## ENTRIES SHOWN
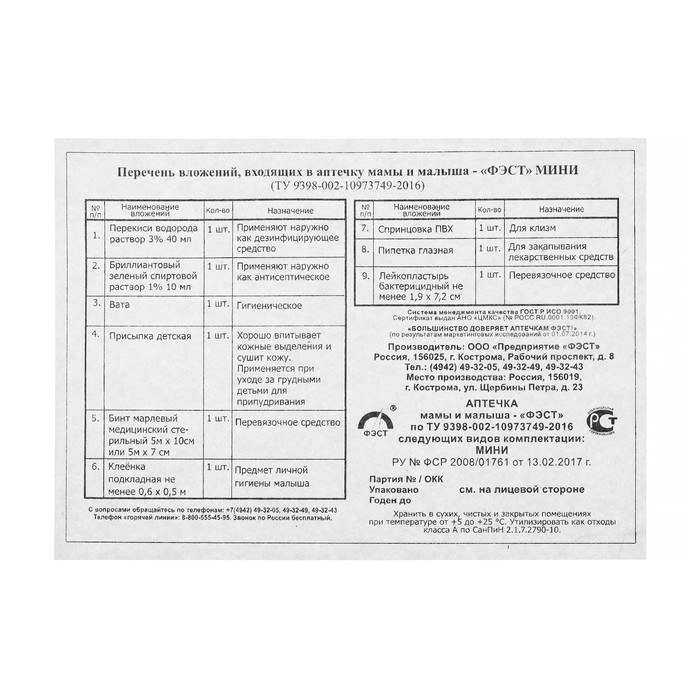Аптечка для мамы и малыша ФЭСТ №1, для повседневного ухода
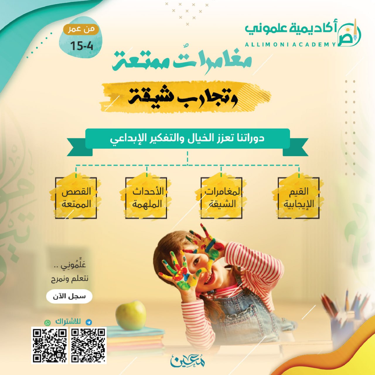 جميع دوراتنا تتناسب مع الأطفال من عمر أربع سنوات إلى 15 سنة.
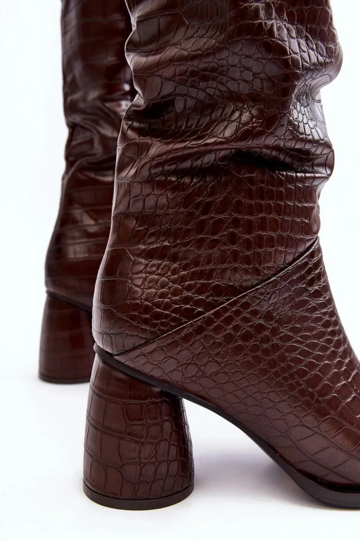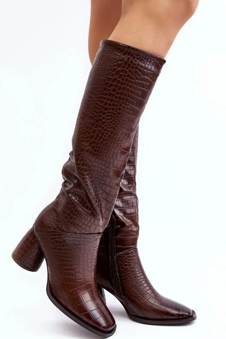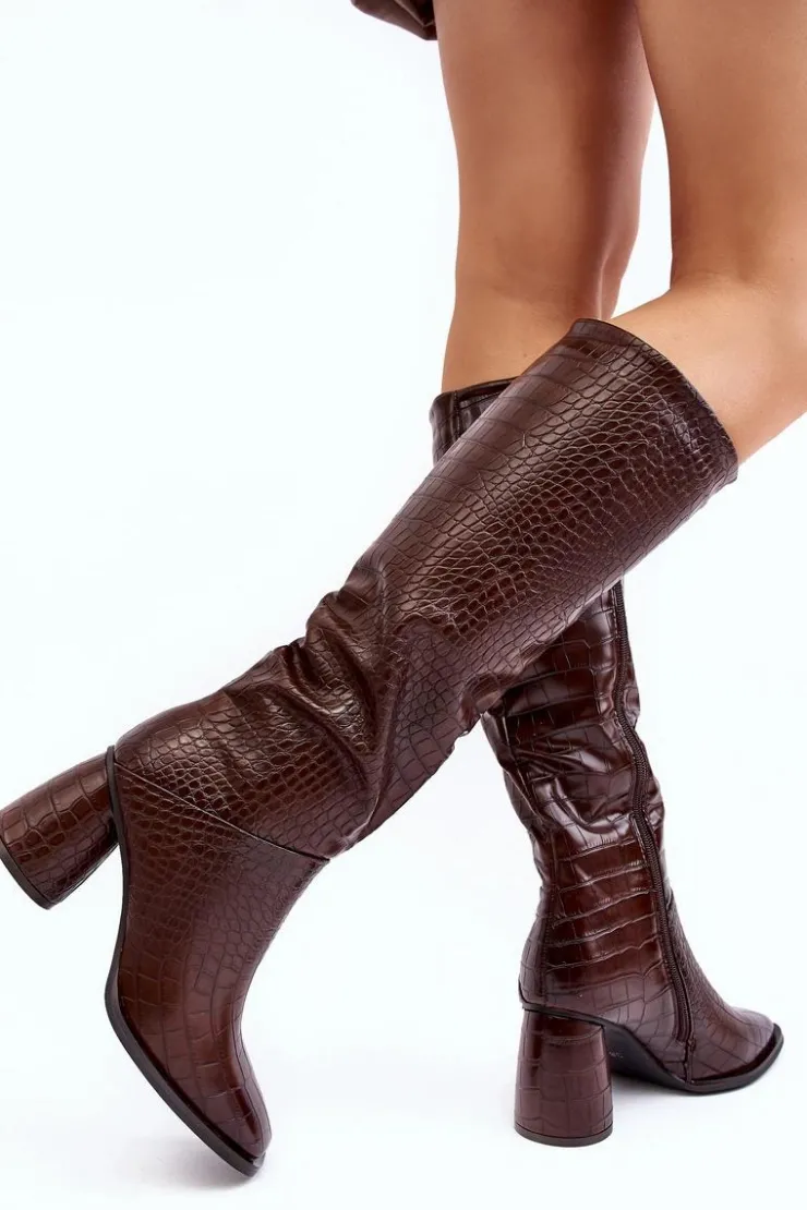 Kozaki damskie z cholewką do kolana w wężowy wzór. Osadzone na obcasie słupku. Wykonane z eko skóry. Zapinane na suwak z boku. Środek ocieplony kocem obuwniczym. Noski w kwadrat. Wykorzystasz je w wielu stylizacjach! Przy wyborze rozmiaru prosimy sugerować się tabelą rozmiarów.
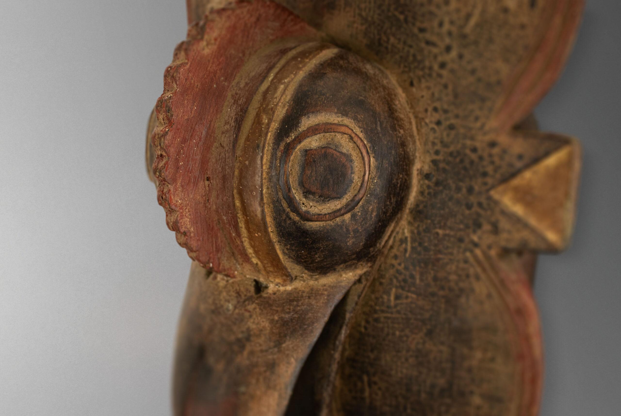 | Details | Mascara en madera tallada a mano destaca la forma de pajaro calao y la bella policromia de sus colores. |
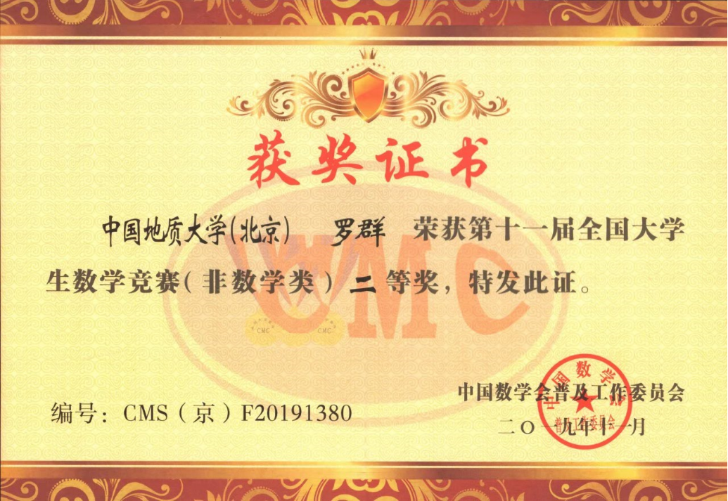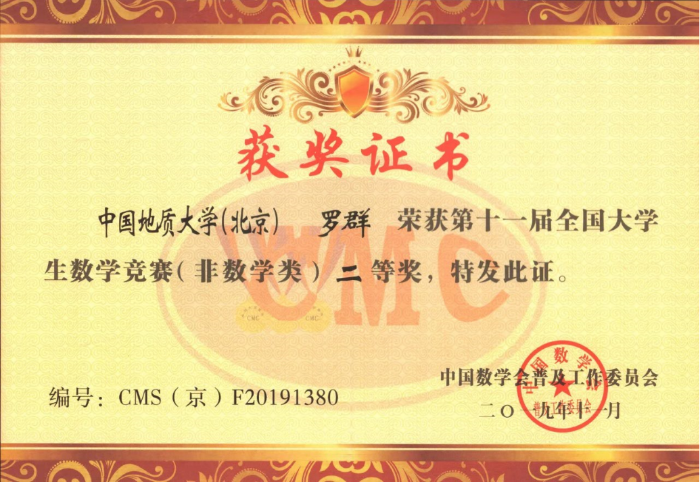 罗群 | 1005183217 | 全国大学生数学竞赛 | 2019 | 国2北1 |

## REQUIREMENT
In the entries above, find the line containing "جميع دوراتنا تتناسب" and the line containing "Kozaki damskie z"; give again exactly those two lines and every line between them, minus the pictures.

## PROBLEM SOLUTION
 جميع دوراتنا تتناسب مع الأطفال من عمر أربع سنوات إلى 15 سنة.
 Kozaki damskie z cholewką do kolana w wężowy wzór. Osadzone na obcasie słupku. Wykonane z eko skóry. Zapinane na suwak z boku. Środek ocieplony kocem obuwniczym. Noski w kwadrat. Wykorzystasz je w wielu stylizacjach! Przy wyborze rozmiaru prosimy sugerować się tabelą rozmiarów.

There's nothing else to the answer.